TEARS OF JOY The “tiger tear salad” — a mix of sliced steak, bell pepper, red onion, and lemongrass
— could be spicier, but it’s lovely nonetheless. |
Floating stones are significant in Buddhism, and "floating" cities are several in Cambodia, where rivers, marshes, and canals can be worked into idyllic towns. If you want to know whether "Floating Rock" refers to either of these things, you will have to ask (an anonymous critic never does). In either case, this Floating Rock was once a much-admired Revere storefront, now moved into a handsome and larger space in Central Square, Cambridge. If summer brings an urge for spicy Asian food, this is a splendid place to get some, despite a few chili-pepper compromises.The new place is among the most handsome Asian restaurant in these parts: a white-oak floor, two larger-than-life wood sculptures in an Angkor Wat style, red-stained tables, and orange, tan, and beige walls with black ceilings. The effect is a kind of dusty haze that is light, elegant, and exotic all at once. As a blessing, there is no background music, at least not on an early weekday, so you can talk about your food, elegantly presented in square white plates and bowls.

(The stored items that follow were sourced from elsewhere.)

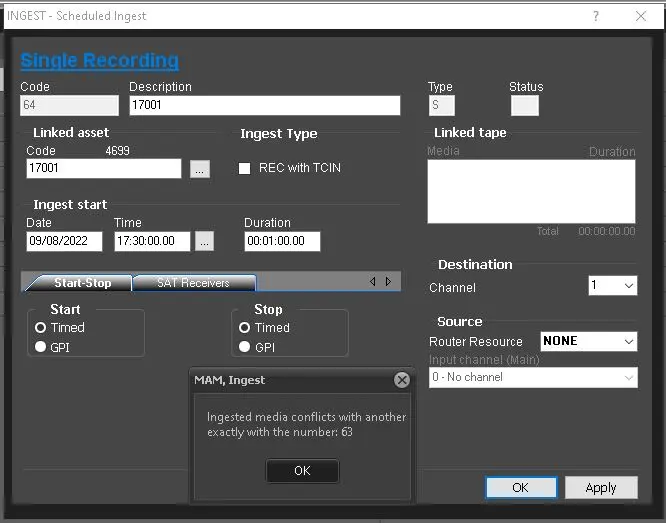 Conflicting Operations: If an ingest operation is followed by a second scheduled ingest operation in the same deck but with a start time too close to the end of the previous scheduled operation an error message will appear: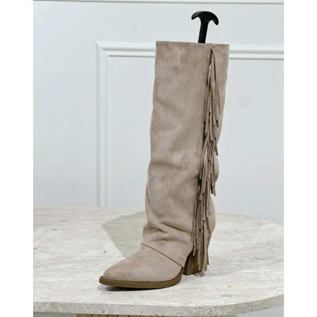 Les bottes CLARA incarnent le charme bohème et l’esprit western revisité. Avec leurs franges latérales délicatement placées et leur talon ultra confortable, elles sont la pièce tendance et féminine de la saison.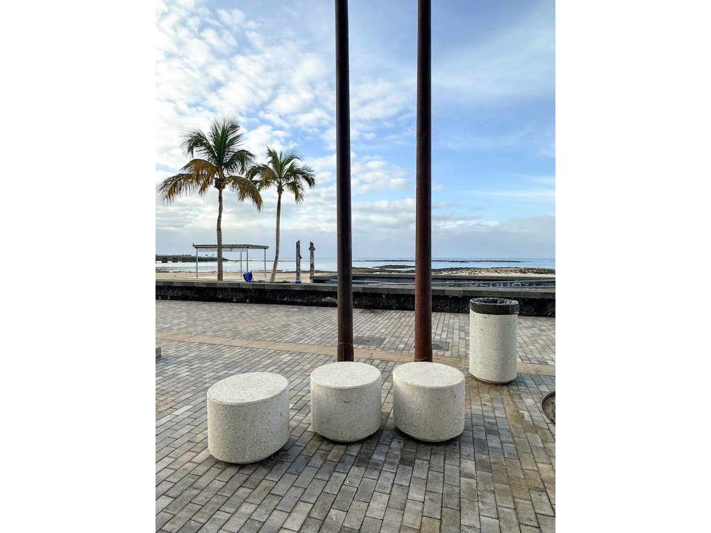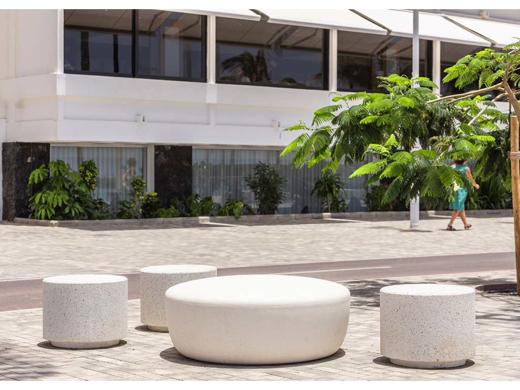 Betonový sedák z žulově šedého betonového prefabrikátu hrubého vzhledu může být umístěn v izolovaných prvcích nebo ve skupinách a tvořit tak betonové lavice různých tvarů.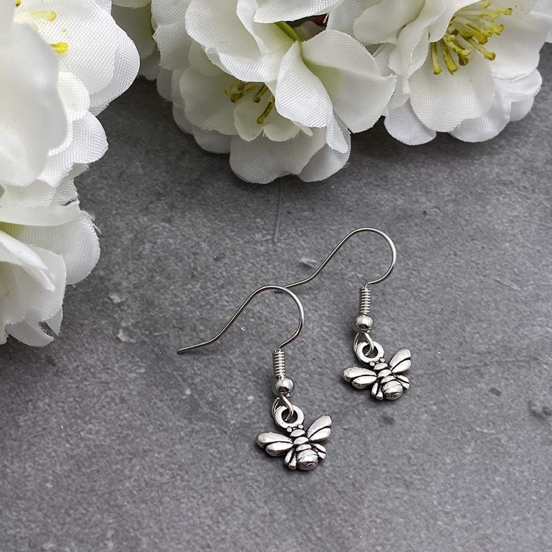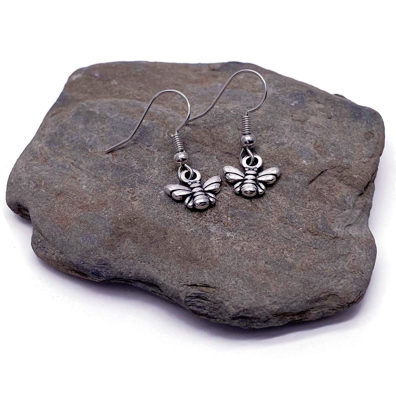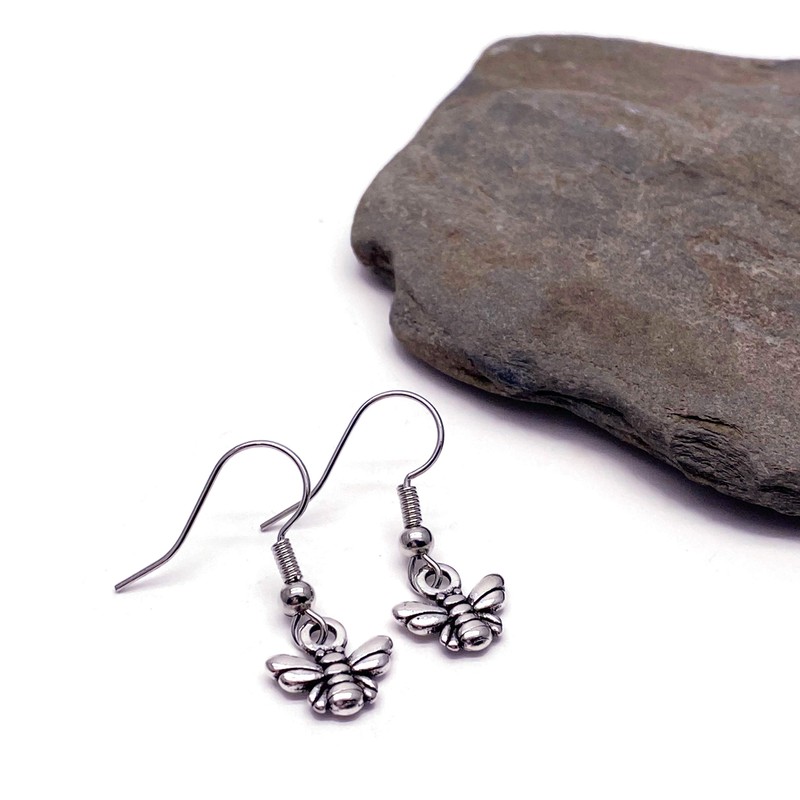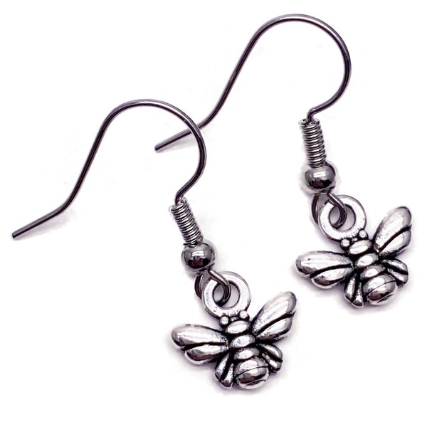 Tiny Bumble Bee Charm Earrings - Cute Tibetan Silver Charms on Nickel Free Hooks : 25mm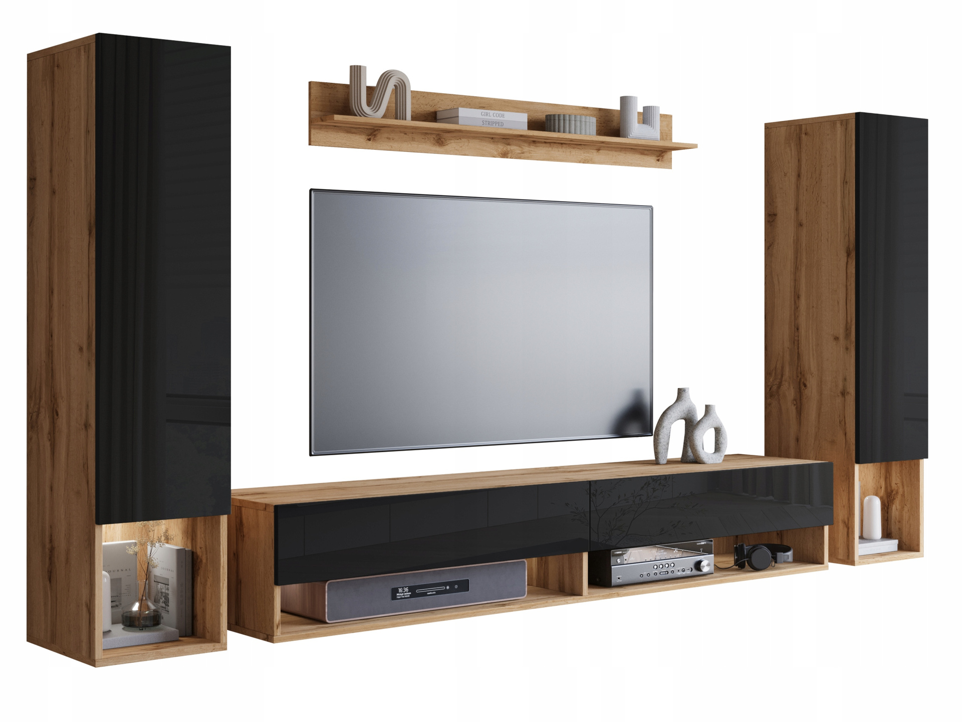 Meblościanka Amadeo II Dąb Wotan/Czarny Połysk: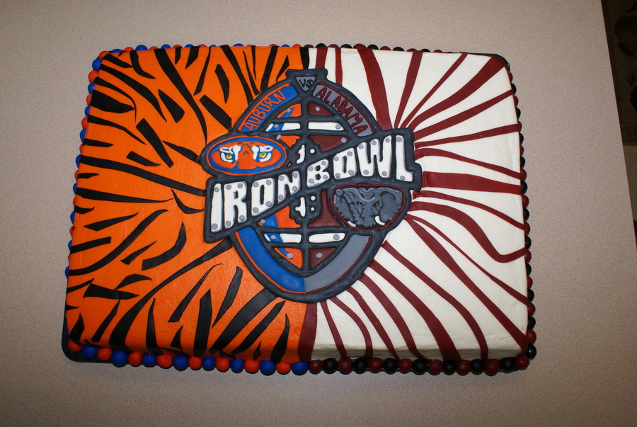 I received a request for an Iron Bowl cake and found this one on this site and customer loved it. Auburn half is French Vanilla w/swirled orange and blue and buttercream icing. Alabama side is Red Velvet w/swirled black and cream cheese icing. They loved it..Always makes you happy!!!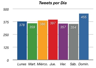 Si ignoro un poco el domingo, soy bastante constante en lo que escribo en Twitter cada día, por cierto, esos son valores totales desde que llevo usando Twitter, que no se asuste ahora nadie pensando que escribo más de 300 entradas cada día.

My favorite appetizer is the recently added fish cakes ($6), which resemble the tod mun pla served in Thai restaurants, but are much tastier, with a provocative blend of chopped lime leaves, chilies, and galangal worked into eggy little fish squares. Four are arranged around a terrific salad of thin-sliced cucumber marinated in sweet vinegar with some red-pepper flakes.
Another knockout is "spicy sour soup" ($8/individual; $15 family), a jade-green sonata in the flavors of lemongrass, kaffir-lime leaf, garlic, and Asian basil organized by a solid base of hot chili, filled with bean-length pieces of what I think was the Chinese "hollow-stem vegetable" u-toy. I may have the vegetable wrong, but you won't go wrong ordering this.
A more familiar form of spicy is the "jumbo spicy wings" ($7), which are buffalo wings fried and dipped in something like sriracha sauce (hotter and sweeter than what they use in Buffalo). No celery, no blue cheese.
If that's too mouth-tingling, fresh spring rolls ($6; $5/vegetarian) are prettier than any you would roll yourself (the traditional presentation), with sliced shrimp glowing like gold coins through the translucent rice skins, and filled with rice noodles, cabbage, carrot, cucumber, and mint. The dip is like a Vietnamese nuoc cham, sweet with a little fish sauce, and chopped fresh-roasted peanuts on the side.
The dish that got them out of Revere is the famous "tiger tear salad" ($16). Here it's rated without a silhouette, but it's the kind of thing that should actually burn your socks off. As it is, you have sliced steak, red and green bell peppers where the scorching chilies ought to be, red onion or shallots, a complex lemongrass flavor, and ground toasted rice for crunch. It's a lovely dish.